Records from a data collection:
━━━━━━

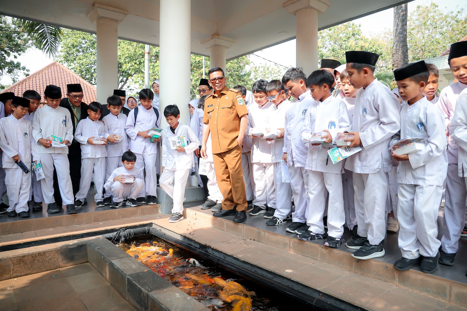 Perjalanan kemudian berlanjut ke ruang rapat, musala, hingga kolam ikan yang menjadi favorit siswa karena mereka bisa memberi pakan langsung. Terlihat senyum para siswa sambil terlihat sesekali bergurau antar mereka.
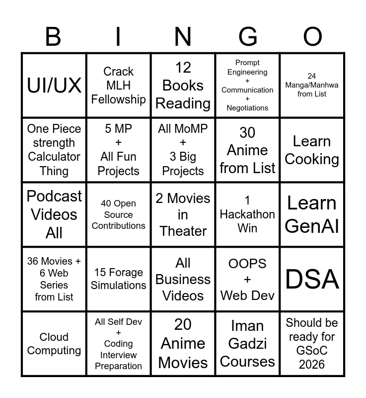 This bingo card has 25 words: 15 Forage Simulations, 20 Anime Movies, All MoMP + 3 Big Projects, Cloud Computing, 24 Manga/Manhwa from List, UI/UX, One Piece strength Calculator Thing, Crack MLH Fellowship, 1 Hackathon Win, All Business Videos, 30 Anime from List, Podcast Videos All, OOPS + Web Dev, DSA, 5 MP + All Fun Projects, Should be ready for GSoC 2026, Learn GenAI, 12 Books Reading, Learn Cooking, 40 Open Source Contributions, 2 Movies in Theater, All Self Dev + Coding Interview Preparation, 36 Movies + 6 Web Series from List, Prompt Engineering + Communication + Negotiations and Iman Gadzi Courses.
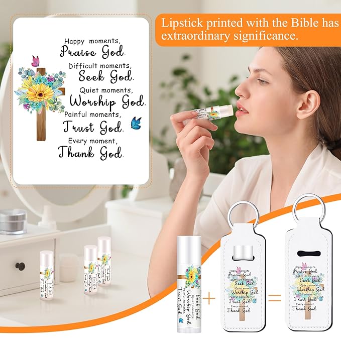 - Package Includes: you will love a bundle of fun bible gifts set come in abundant sets of 18 lip balms, which are mint flavors, and 18 lip gloss keychain holders; The lip balms are not only sleek but also designed with the bible theme to make it more appealing; Accompanied by the same number of lipstick holders, you are set with the ideal package to groom and maintain your lip moist
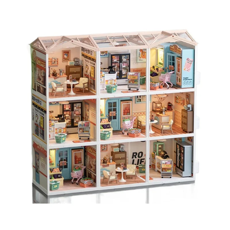 DIY Dollhouse Kit, Mini 3D House Kit with Grid Space Design, Handcraft Miniature Scene Model Toy
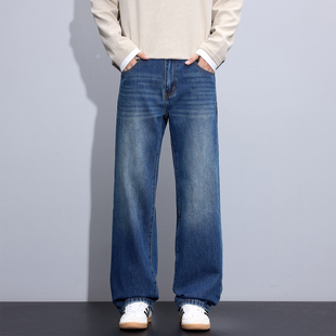 显瘦宽松直筒牛仔裤 王家有鱼秋季 2025百搭修身 复古蓝阔腿裤 女 新款

━━━━━━

Your instructions:
An exact copy of every entry above is needed, minus the pictures.

Answer to this task:
 Perjalanan kemudian berlanjut ke ruang rapat, musala, hingga kolam ikan yang menjadi favorit siswa karena mereka bisa memberi pakan langsung. Terlihat senyum para siswa sambil terlihat sesekali bergurau antar mereka.
 This bingo card has 25 words: 15 Forage Simulations, 20 Anime Movies, All MoMP + 3 Big Projects, Cloud Computing, 24 Manga/Manhwa from List, UI/UX, One Piece strength Calculator Thing, Crack MLH Fellowship, 1 Hackathon Win, All Business Videos, 30 Anime from List, Podcast Videos All, OOPS + Web Dev, DSA, 5 MP + All Fun Projects, Should be ready for GSoC 2026, Learn GenAI, 12 Books Reading, Learn Cooking, 40 Open Source Contributions, 2 Movies in Theater, All Self Dev + Coding Interview Preparation, 36 Movies + 6 Web Series from List, Prompt Engineering + Communication + Negotiations and Iman Gadzi Courses.
 - Package Includes: you will love a bundle of fun bible gifts set come in abundant sets of 18 lip balms, which are mint flavors, and 18 lip gloss keychain holders; The lip balms are not only sleek but also designed with the bible theme to make it more appealing; Accompanied by the same number of lipstick holders, you are set with the ideal package to groom and maintain your lip moist
 DIY Dollhouse Kit, Mini 3D House Kit with Grid Space Design, Handcraft Miniature Scene Model Toy
 显瘦宽松直筒牛仔裤 王家有鱼秋季 2025百搭修身 复古蓝阔腿裤 女 新款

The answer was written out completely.